*** Begin section ***

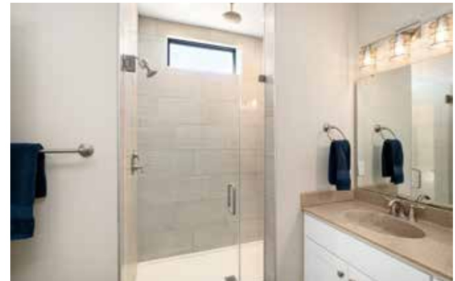
Tiled Walk-in Shower
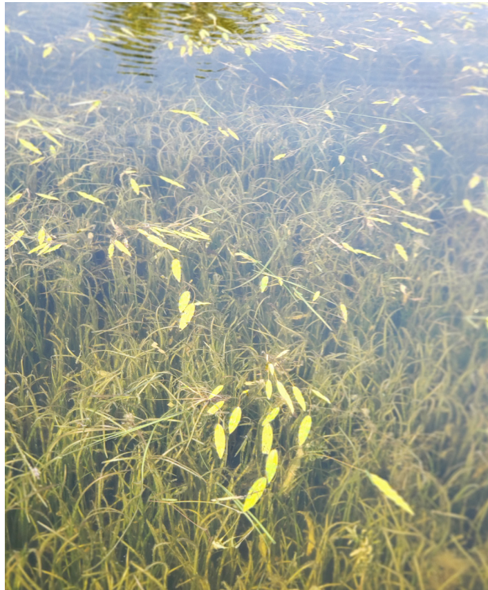
Good: Wild Celery and Pondweeds

Photo taken 7-27-19 on SW shoreline 4 feet deep
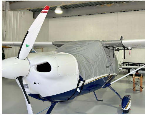
Tecnam P2010 Lightweight Travel Canopy Cover

occasional use outside. We also have an ultra lightweight material available for fitted hangar dust covers. For daily outdoor use, the non-travel Sunbrella Cover is the best choice.
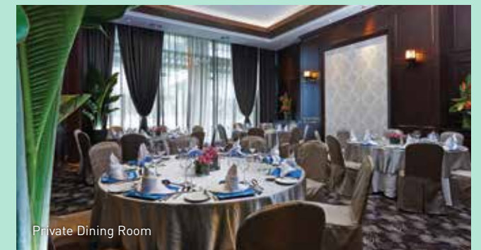
Private Dining Room
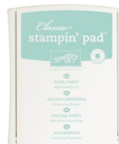
Pool Party Classic Stampin' Pad $6.50
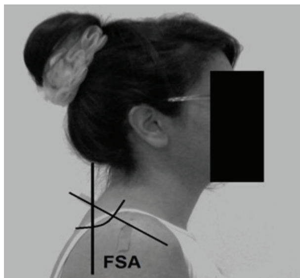
Figure 1: Forward shoulder angle

*** End section ***

TASK DETAILS> For the word "Cover", go through the records and show each line that carries it.

RESULT OF THE EXERCISE>
Tecnam P2010 Lightweight Travel Canopy Cover
occasional use outside. We also have an ultra lightweight material available for fitted hangar dust covers. For daily outdoor use, the non-travel Sunbrella Cover is the best choice.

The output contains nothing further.